Monday, May 25, 2009

Small-town politics turns ugly

If you thought negative advertising and personal attacks were reserved for national political races, think again.

Nancy March, editor of The Pottstown Mercury, has been writing about the political scene in Pottstown for decades, but she's never seen politics turn so negative as they did in the May 19 Primary Election.

From her most recent column:
Politics in this town is becoming increasingly personal and divisive. The factions no longer fall strictly along party lines. On Election Night, there were at least five different alliances gathering separately — three groups of Republicans and two of Democrats.

In some cases, individuals who worked together on campaigns in the past this time attacked each other in published comments, conversation and at the polls.

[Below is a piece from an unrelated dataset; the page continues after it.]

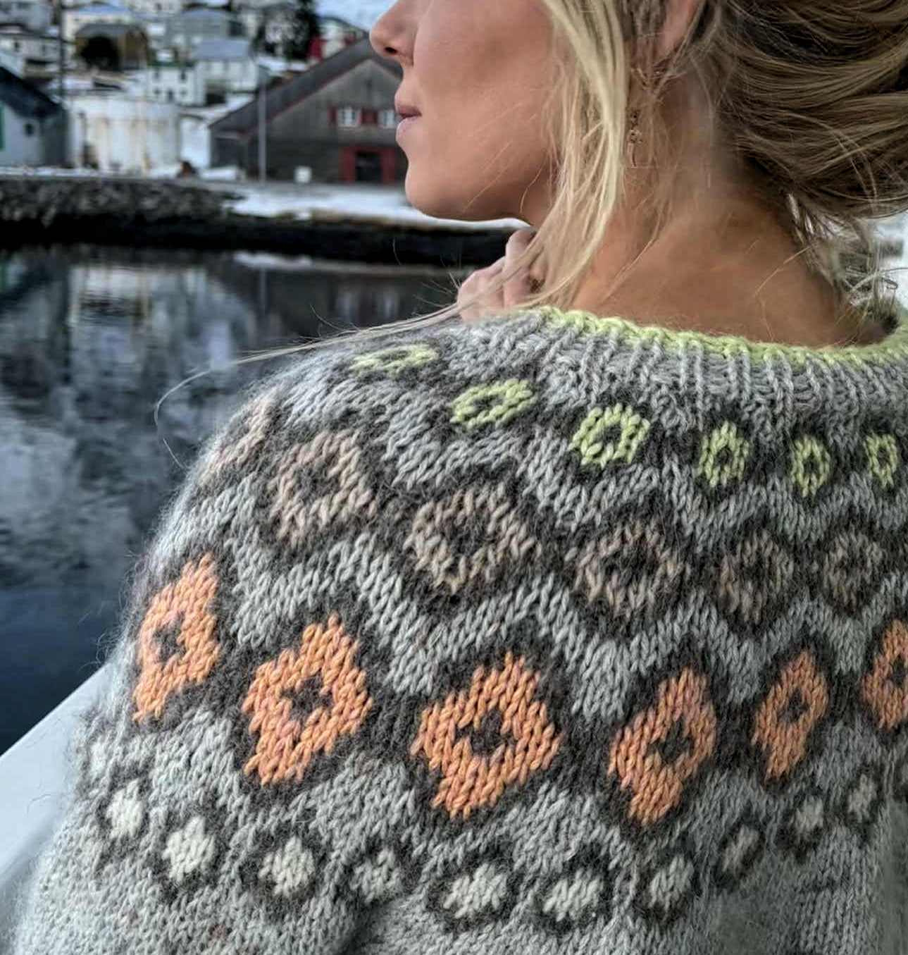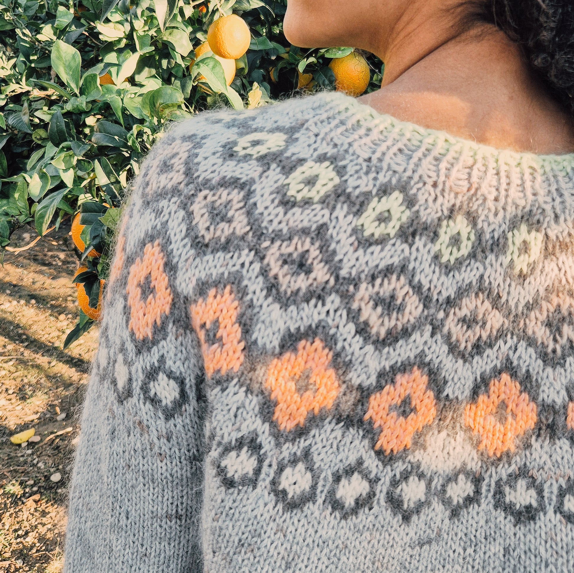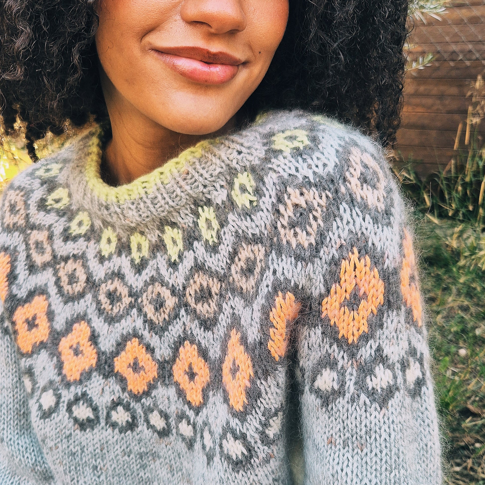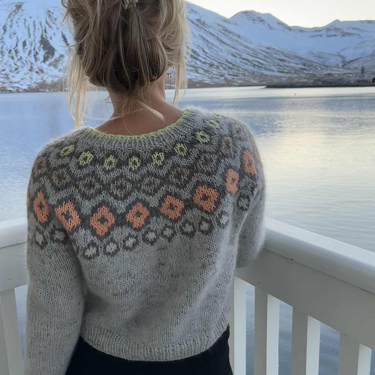 Irma ist ein leichter und farbenfroher Pullover, von oben nach unten mit eingestrickter Musterpasse gearbeitet.

The rhetoric became so severe at one polling place that first a sheriff's representative was called and then the local police department to warn a former public official that her strongly worded opinions were getting close to voter intimidation.

The attacks were often not sanctioned by a candidate or a party, but were lodged on a battlefield of personalities. On Election Eve, campaign signs for both Pottstown Democratic mayoral candidates were shredded, apparently by supporters acting without the candidates' knowledge.

In another case, signs with one person's name and a hash mark through it appeared overnight throughout town in what can only be characterized as a personal smear campaign.

More than one faction tried to use this newspaper as a battleground as well, dropping off photocopies of old news articles, calling with tips, and e-mailing messages about candidates' relatives, business dealings and suspected motives.
Read the full column, "Display of politics by attack is not a pretty picture,"
at The Mercury's Web site.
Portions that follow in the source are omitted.